Thursday, April 7, 2011

The sad distortion of original sources.

I'd like to link a few things here. Yesterday, the Herald, bless it's little tabloid heart, printed an article stating that scientists had confirmed a link between living close to motorways and pre-term births. As with any science reporting in the herald, I took it with a shipping container of salt and moved on. It popped up again in my reading today on where Jim McVeigh pointed out the various problems with the supposed finding in the article. Even better, these were problems that the authors themselves had identified - you tend to get more pre-term births in lower socio-economic groups and you tend to get more people from lower socio-economic groups living next to motorways.

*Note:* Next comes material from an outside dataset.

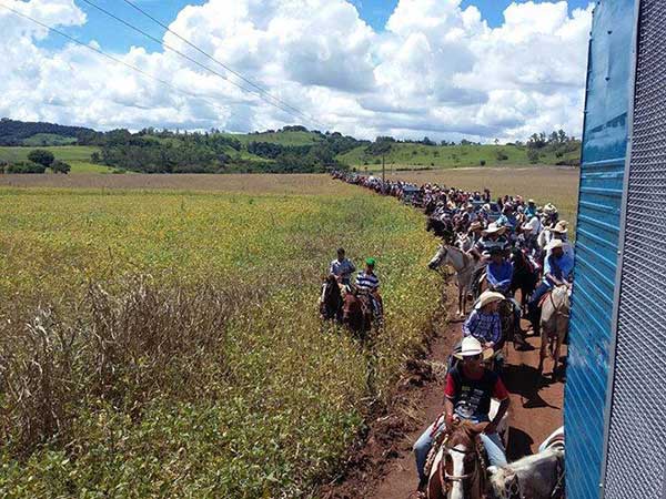 Centenas de cavaleiros com seus cavalos estiveram presentes.

Even at this I probably would have usually hrmmed in a disapproving tone and moved on. A week or so ago though, I read a Ben Goldacre at Bad Science, in one of his usual superbly written columns, opined that it would be quite good if we could get the newspapers to link to the original source in their online editions. Not only would this have the effect of allowing people easy access to follow up stories they found interesting, it would also give punters such as me a little more confidence in their reporting. It's not that I would go and look up every link they provided, it's the knowledge that I could if I wanted to that would be comforting. Some of the science reporting in the Herald could very well be good reporting. I've caught it out a sufficient number of times now though, that I just don't trust it. This could fix that. Not, of course, that I think they would ever do something like that. Removes to many opportunities to scare their public.